The way the coronavirus vaccines will roll out might resemble the history of the polio vaccine, where new generations of inoculations were steadily released over decades. In another historical similarity, the March of Dimes paid five firms to mass-produce the first Salk polio vaccine in 1954, before it was even proven effective in April 1955, after field trials involving more than 1.8 million children. The 1955 polio vaccine was judged 80% to 90% effective, while today three doses are 99% to 100% effective.

Other scientists are concerned about what will happen when the vaccine is rolled out.

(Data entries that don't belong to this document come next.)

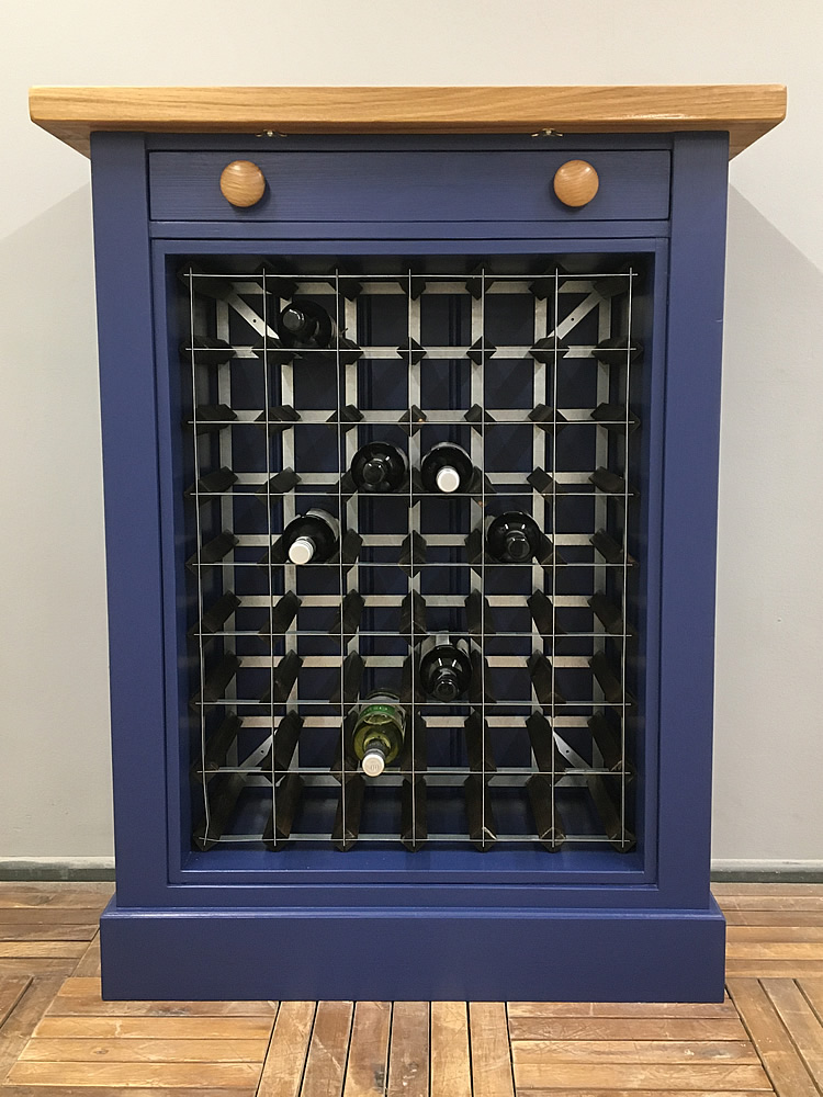 48 bottle capacity painted wine rack fitted with a 40mm thick oak worktop. Bottle capacity and dimensions can be adapted as required.
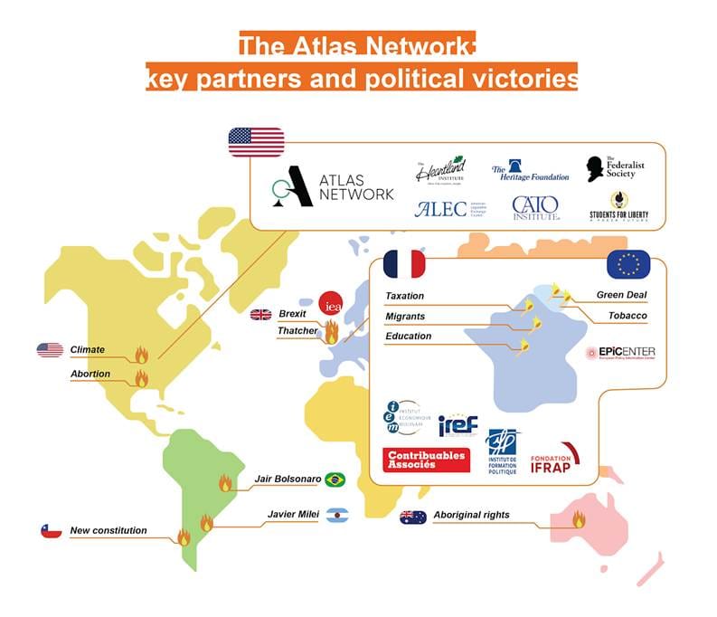 The Atlas Network’s global influence and key political issues linked to right-wing think tanks
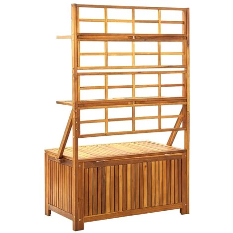 Cette boîte de coussin est fabriquée en bois d’acacia massif, un bois dur avec des grains denses. Cette boîte magnifiquement conçue est stable, durable et accrocheur. Le savoir-faire exquis et les beaux grains de bois rendent chaque pièce légèrement différente l’une de l’autre. Le treillis intégré offre un excellent support pour les plantes grimpantes. Vous pouvez également placer le pot de fleurs sur les étagères. Les 4 étagères incluses peuvent être ajustées en position.
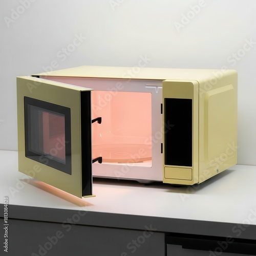 © Ariestia, Fototapeta premium Pale yellow retro style kitchen appliance door stands open revealing an illuminated interior
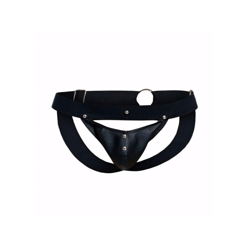 The Peekabo Jockstrap is made of strong faux leather in sleek black
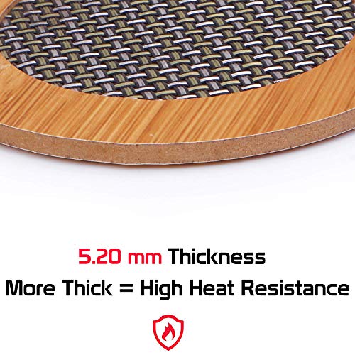 HIGH HEAT RESISTANCE – HOKIPO wooden coasters for dining table hot pots are designed with thickness of 5.20 mm. These wood coaster heat resistant pan pot holder for dining table allows you to safely keep your hot dishes from the oven or hot pots from the stove safely.
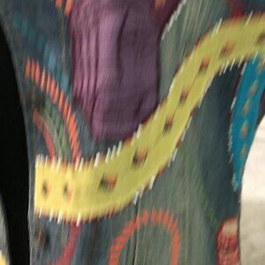 Color: Blue denim with purple, yellow, teal, orange, and green accents
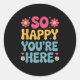 Pegatina Redonda Tan feliz estás aquí Groovy Retro Sitividad Mujere
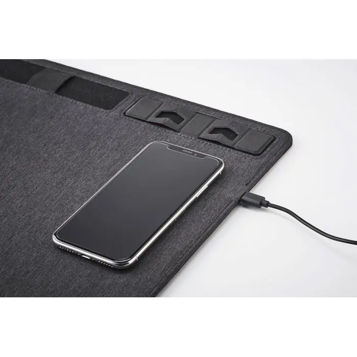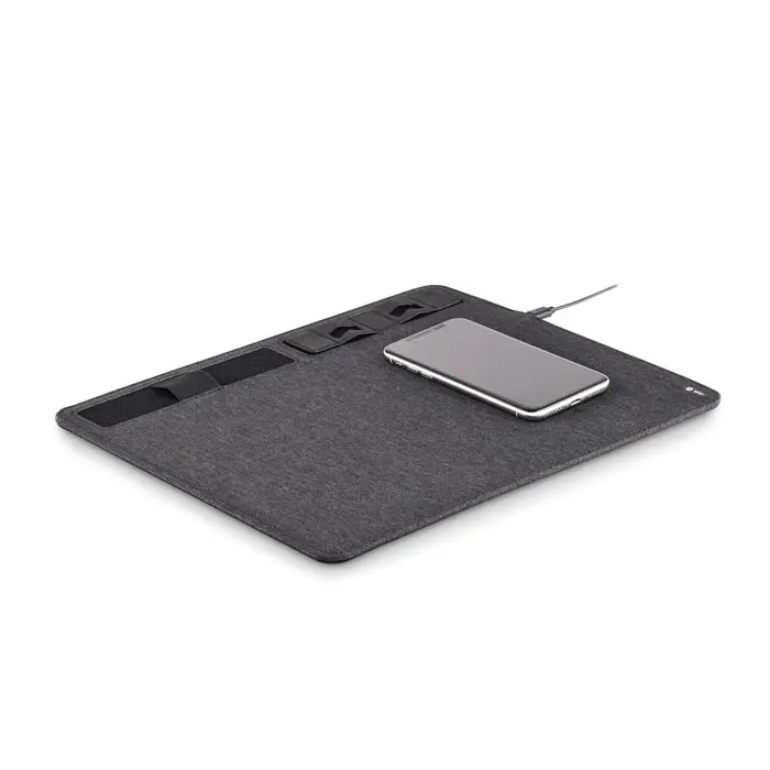 €13.25Višenamjenska podloga za miš od dvoslojnog 300D RPET poliestera s bežičnim punjačem snage 15W i funkcijom stalka za telefon, izlaz DC 9V/1,6A (15W) za brzo punjenje
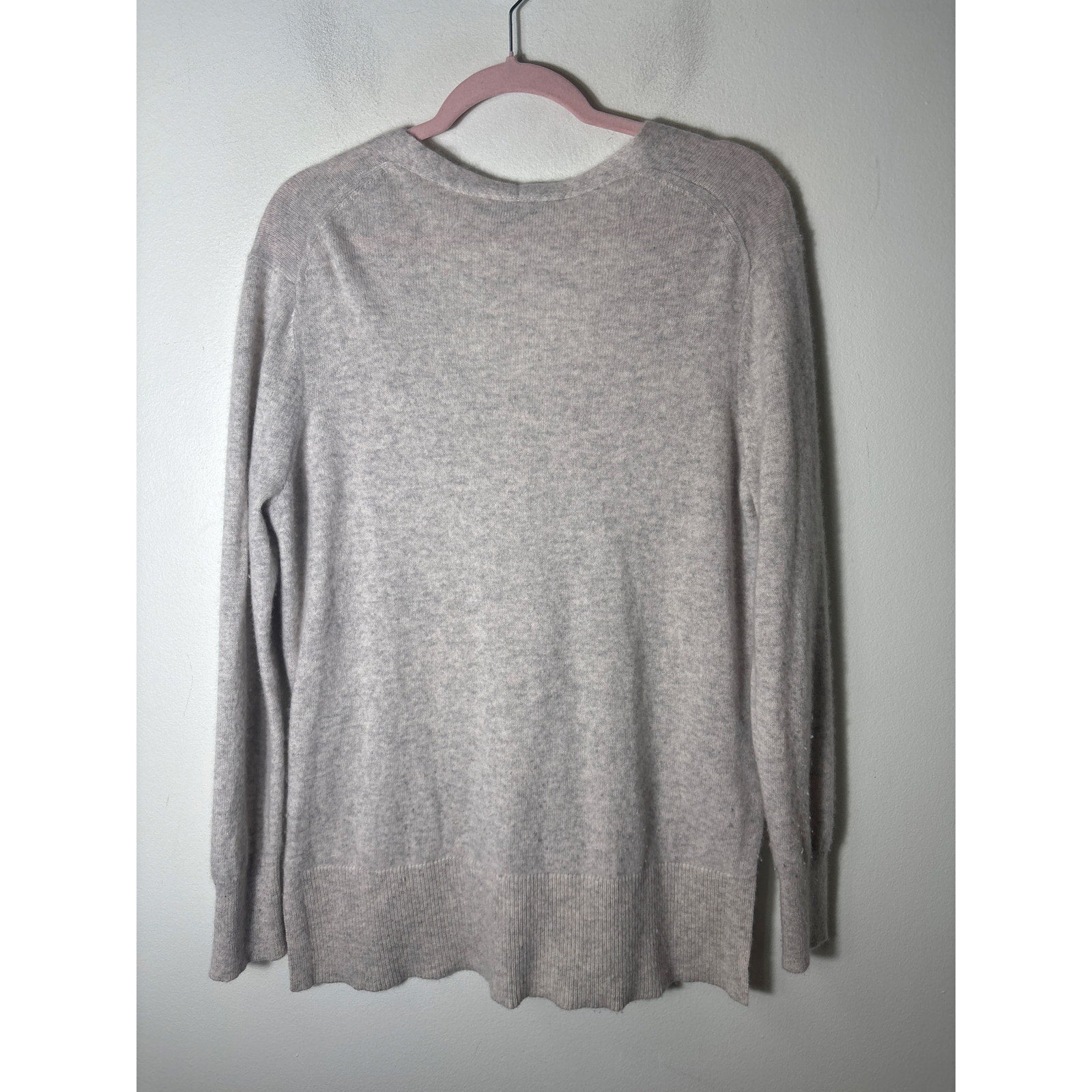 White + Warren Gray 100% Cashmere V Neck Sweater Sz L
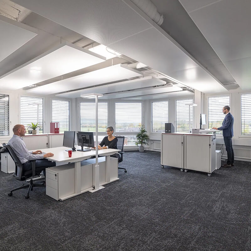 Wählen Sie zwischen bezugsbereiten und fertig möblierten Offices und Co-Working Arbeitsplätzen, sowie attraktiven Meetingräumen für Sitzungen oder Workshops. Eine Vielzahl an Gemeinschaftsräumen und offenen Bereichen für Gespräche oder Pausen machen Ihre Arbeit, Ihr Unternehmen zu einem Erlebnis – für Sie und Ihre Mitarbeitenden, Ihre Besucherinnen und Besucher, Tag für Tag.
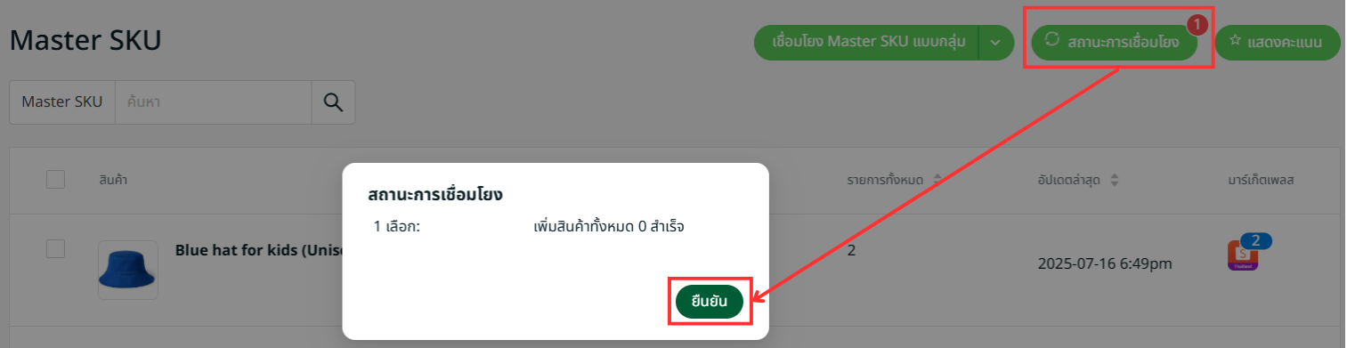 ขั้นตอนที่ 6: ระบบจะใช้เวลาสักครู่ในการเชื่อมโยงสินค้าแบบจำนวนมาก คุณสามารถคลิกที่สถานะการเชื่อมโยง (Link Status) เพื่อตรวจสอบความคืบหน้า เมื่อเสร็จแล้ว คุณจะเห็นจำนวนสินค้าที่ถูกเพิ่ม จากนั้นคลิก “ยืนยัน”

Another concern is about who is seen as leading the US vaccine effort. The CDC, which typically manages the country’s vaccine programs, has taken a backseat in the response to the pandemic — and has stayed largely silent on the subject of a coronavirus vaccine. The secrecy surrounding Operation Warp Speed plays into the hands of an anti-vaccination movement premised on conspiracy theories about doctors, the government, and pharmaceutical firms, said Hotez.

It’s a real worry: In a May poll, less than half of Americans said they would take a COVID-19 vaccine, with 20% saying they would reject one altogether.

“It should be the CDC managing the vaccine rollout, with the nation's public health agencies in every state,” said Hotez.

Typically vaccines undergo a 10-month review process from the FDA, or a shorter 6-month one for “expedited” reviews. But because the vaccine is urgently needed, it may be rushed out even more quickly — making some experts concerned we could end up prioritizing speed over finding the best vaccine possible. The FDA has already drawn scrutiny for emergency authorizations for experimental drugs of uncertain benefit, blood tests with low accuracy, and a CDC diagnostic test that didn’t work for most states.

A final vaccine worry is whether as the November election approaches, the Trump administration might spring a vaccine that hasn’t completed its clinical trial on the public as an “October surprise,” said Offit. The result could be a permanent disaster for public confidence in vaccines, especially if the FDA goes along with such a move under pressure from the White House, as some are arguing the agency did with the malaria drugs used to treat COVID-19. “That would be a tragedy,” he said.

“I think there's every reason that vaccines are going to be the hero of this story,” said Offit. “But we have to attend to the science, and we have to be humble.”